A imortal Nélida Piñon, autora do indispensável e calhamaçal romance A República dos Sonhos, ex-presidente da Academia Brasileira de Letras, declarou, em certa feita, que não é a cabeça, mas, sim, a mão que escreve. É a mão que escreve. Se não a parafrasear, ao menos dando nova vestimenta, ou, no mínimo, anuência a uma outra declaração, esta atribuída a Einstein, que creditou o êxito de seu trabalho a 1% de inspiração e 99% de transpiração.
É a mão que escreve. Deveras. O trabalho intelectual, o matutar, o escrever, é, também e sobretudo, um trabalho físico, braçal, brutal. Escrever um bom livro, um bom ensaio, uma boa reportagem ou um bom artigo científico é tarefa para quem tem a resistência e a obstinação de um burro de carga. E de sobrecarga.
Em 2011, quando do lançamento do CD Chico, de Chico Buarque de Holanda, trabalho que interrompeu um jejum criativo de quase 13 anos do compositor - o último disco de inéditas havia sido As Cidades, de 1998 -, eu fui mais além e escrevi aqui no Marreta : É o Pau Que Escreve. Disse-o porque o hiato criativo de Chico, não coincidentemente, encerrou-se quando o compositor arrumou um novo amor. E bota novo nisso. A moça, Thais Gullin, mal contava, à época, com 30 aninhos, uma pré-balzaquiana, praticamente uma ninfeta, uma lolita, se comparada ao septuagenário cantor dos olhos de ardósia. Os eflúvios da nova xavasca inspiraram ao menestrel, ao poeta, ao bardo e ao cantor. Não é a cabeça que escreve. Nem a mão. É a cabeça do pau, embebida no tinteiro da buceta, que escreve, devo ter dito eu na ocasião.
Disse-o e volto agora a reiterá-lo. O próprio Marreta do Azarão foi escrito à força da cabeça do pau. Sejam as postagens mais virulentas, maledicentes e sardônicas, as marretadas propriamente ditas, sejam os poemas, nos quais um ou outro desavisado pode enxergar algum lirismo, sejam os pequenos contos, tudo e todos escritos pelo pau, tudo movido pelos ventos e pelos remos da testosterona, que, há 10 anos, quando comecei com o blog, ainda corria, caudaloso e perene rio, pelas minhas veias; não o fio d´água esquálido e intermitente que é hoje; não à toa, a produção caiu a olhos vistos, em quantidade e qualidade.
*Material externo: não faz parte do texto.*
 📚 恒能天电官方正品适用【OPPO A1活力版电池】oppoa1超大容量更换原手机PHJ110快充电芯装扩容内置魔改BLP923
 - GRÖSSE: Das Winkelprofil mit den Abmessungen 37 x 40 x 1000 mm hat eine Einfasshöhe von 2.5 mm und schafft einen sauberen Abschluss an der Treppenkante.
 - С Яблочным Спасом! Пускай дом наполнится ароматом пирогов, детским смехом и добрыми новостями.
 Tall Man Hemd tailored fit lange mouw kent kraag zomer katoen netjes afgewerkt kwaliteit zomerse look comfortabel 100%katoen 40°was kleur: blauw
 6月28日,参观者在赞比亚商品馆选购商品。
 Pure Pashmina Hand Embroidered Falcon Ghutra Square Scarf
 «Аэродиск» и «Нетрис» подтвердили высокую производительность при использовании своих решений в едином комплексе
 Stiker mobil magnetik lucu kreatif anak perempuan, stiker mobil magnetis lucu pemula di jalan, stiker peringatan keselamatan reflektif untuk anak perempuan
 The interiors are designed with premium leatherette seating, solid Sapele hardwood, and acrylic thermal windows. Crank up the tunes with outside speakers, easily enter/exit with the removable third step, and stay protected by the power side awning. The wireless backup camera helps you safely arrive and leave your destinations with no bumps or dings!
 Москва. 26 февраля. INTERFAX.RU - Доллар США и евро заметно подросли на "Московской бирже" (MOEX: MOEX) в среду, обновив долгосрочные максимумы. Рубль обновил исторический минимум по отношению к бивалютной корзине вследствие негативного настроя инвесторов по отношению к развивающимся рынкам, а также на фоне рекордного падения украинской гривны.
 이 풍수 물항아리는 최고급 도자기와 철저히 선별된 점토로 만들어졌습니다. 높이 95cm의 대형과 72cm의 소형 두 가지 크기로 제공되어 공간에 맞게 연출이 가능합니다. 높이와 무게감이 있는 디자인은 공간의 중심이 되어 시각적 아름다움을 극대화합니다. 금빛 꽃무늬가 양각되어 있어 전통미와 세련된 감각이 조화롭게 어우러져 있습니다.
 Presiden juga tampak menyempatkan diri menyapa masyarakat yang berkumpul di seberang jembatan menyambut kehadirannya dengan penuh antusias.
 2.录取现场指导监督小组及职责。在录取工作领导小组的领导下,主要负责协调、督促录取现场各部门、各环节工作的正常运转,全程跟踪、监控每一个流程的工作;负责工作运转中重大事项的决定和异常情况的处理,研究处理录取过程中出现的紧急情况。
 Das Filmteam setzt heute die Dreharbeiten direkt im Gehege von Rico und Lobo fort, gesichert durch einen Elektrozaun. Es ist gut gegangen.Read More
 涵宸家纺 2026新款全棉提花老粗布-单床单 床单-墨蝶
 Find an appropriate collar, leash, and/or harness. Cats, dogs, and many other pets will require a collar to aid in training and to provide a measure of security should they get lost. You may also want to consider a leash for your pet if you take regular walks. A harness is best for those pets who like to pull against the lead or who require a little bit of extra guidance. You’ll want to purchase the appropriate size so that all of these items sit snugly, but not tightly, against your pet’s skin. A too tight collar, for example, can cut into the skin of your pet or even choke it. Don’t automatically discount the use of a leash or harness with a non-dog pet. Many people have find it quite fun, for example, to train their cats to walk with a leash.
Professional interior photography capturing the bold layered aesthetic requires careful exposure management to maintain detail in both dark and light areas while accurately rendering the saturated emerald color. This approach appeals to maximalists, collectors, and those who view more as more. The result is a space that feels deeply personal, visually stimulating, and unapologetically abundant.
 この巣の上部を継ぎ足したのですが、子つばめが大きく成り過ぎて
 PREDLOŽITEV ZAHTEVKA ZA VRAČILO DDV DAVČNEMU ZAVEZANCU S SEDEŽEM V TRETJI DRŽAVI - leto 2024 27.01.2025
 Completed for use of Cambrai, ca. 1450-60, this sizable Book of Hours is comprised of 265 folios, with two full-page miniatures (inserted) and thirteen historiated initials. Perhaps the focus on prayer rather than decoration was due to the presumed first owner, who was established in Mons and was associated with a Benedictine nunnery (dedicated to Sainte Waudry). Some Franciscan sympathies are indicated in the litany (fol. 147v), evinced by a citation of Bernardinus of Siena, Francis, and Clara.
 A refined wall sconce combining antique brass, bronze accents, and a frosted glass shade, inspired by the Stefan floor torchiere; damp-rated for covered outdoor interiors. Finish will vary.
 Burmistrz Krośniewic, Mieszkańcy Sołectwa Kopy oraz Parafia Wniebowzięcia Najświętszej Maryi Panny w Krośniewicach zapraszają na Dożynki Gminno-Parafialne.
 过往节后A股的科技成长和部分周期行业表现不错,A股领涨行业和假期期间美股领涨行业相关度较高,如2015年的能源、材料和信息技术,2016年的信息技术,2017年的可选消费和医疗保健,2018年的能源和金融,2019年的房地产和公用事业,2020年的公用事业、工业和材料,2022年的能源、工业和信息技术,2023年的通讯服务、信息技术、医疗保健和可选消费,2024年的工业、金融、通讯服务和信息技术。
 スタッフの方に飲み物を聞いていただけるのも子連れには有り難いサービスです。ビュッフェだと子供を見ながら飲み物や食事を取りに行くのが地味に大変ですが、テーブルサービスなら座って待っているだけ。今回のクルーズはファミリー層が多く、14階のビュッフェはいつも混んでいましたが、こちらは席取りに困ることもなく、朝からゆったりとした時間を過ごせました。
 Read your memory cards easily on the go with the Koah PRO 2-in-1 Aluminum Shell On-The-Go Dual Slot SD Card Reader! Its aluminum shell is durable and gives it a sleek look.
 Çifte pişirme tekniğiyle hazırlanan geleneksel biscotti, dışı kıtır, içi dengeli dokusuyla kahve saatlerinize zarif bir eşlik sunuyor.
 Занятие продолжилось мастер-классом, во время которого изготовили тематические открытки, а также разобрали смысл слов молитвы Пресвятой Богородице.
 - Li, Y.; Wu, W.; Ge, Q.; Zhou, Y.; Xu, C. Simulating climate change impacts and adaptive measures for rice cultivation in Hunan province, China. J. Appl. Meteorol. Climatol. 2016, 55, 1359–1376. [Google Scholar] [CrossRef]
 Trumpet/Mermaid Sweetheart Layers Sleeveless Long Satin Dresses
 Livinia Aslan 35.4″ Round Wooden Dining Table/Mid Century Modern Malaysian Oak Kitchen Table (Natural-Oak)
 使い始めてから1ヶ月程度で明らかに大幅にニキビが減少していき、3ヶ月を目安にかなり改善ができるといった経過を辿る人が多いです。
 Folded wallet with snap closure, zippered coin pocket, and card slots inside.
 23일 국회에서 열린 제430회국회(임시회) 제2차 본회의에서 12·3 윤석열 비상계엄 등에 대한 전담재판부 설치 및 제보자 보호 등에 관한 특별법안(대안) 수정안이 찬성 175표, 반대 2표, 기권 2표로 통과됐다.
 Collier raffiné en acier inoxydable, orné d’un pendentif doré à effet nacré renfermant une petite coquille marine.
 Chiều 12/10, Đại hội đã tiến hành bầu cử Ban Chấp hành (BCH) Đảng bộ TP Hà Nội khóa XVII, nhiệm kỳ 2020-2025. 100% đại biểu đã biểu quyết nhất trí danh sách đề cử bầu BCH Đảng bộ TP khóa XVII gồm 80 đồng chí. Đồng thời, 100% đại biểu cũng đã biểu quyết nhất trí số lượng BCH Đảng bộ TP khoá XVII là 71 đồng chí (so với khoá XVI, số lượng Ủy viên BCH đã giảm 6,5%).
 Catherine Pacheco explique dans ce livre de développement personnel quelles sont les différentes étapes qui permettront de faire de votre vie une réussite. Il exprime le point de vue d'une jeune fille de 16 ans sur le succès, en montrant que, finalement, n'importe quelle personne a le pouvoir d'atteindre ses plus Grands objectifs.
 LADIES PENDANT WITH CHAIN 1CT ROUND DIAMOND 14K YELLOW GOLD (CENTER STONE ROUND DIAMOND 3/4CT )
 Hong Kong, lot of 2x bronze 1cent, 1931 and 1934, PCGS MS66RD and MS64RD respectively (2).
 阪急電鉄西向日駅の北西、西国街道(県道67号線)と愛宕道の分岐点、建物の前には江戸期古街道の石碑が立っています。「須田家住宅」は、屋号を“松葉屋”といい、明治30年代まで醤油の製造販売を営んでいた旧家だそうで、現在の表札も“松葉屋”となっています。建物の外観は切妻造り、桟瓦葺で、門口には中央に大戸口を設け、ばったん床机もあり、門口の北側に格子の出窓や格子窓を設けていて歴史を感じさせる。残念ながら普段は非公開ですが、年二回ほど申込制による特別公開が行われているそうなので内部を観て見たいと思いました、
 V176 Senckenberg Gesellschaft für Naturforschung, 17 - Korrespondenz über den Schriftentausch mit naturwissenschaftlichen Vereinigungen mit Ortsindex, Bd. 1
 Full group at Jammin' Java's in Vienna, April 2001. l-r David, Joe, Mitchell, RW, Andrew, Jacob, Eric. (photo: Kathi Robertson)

Tudo escrito pelo vigor e, sobremaneira, pela memória da cabeça do pau. O Marreta do Azarão bem que poderia se chamar As Memórias da Cabeça de um Pau. A exemplo mais específico e palpável do que falo, a série Pequeno Conto Noturno, que já se vai para mais de setenta episódios. Deste total, tão somente uns oito ou dez são narrativas romanceadas de experiências reais. Todos os outros foram concebidos pela releitura, pela revisita, pelo repisar das memórias da cabeça do pau. O arsenal da memória, porém, não é infinito, tampouco imperecível. Tem de ser, vez ou outra, renovado, abastecido com novas vivências. Indo de casa para o trabalho, do trabalho para casa, dormindo às 20h e levantando às 5h? De que jeito?
A memória pode ser editada, remodelada, maquiada, mas não criada. Valha-me São Lavoisier!
O meu açude de memórias da cabeça do pau se esgotou. Há tempos que entrei no meu volume morto. Até tento - insisto em - evocar velhas memórias da cabeça do pau. E nada. Nem sinal de vida.
No mês passado, na postagem Tempore Mortis, comuniquei a todos os leitores da morte cerebral do Marreta. Pois agora venho vos inteirar de uma outra morte, a da memória da cabeça do pau, o Alzheimer do caralho. Morte irreversível. Definitiva. Absoluta. Agora, é só chamar o gato para jogar a terra em cima. É a podridão, meu velho. Acredito, contudo, feito um velho sentado no banco da praça dando milho aos pombos e já olhando a vida de fora, como mero espectador, e se aprazendo da missão cumprida, que produzi um bom trabalho aqui no Marreta durante essa quase década.
Aos que por aqui ainda caírem, ou por acaso, ou por azar, ou por estranha vontade própria, leiam e usem o Marreta como bem lhes convier, da melhor maneira que lhes for possível, como quem visita ruínas de antigas civilizações.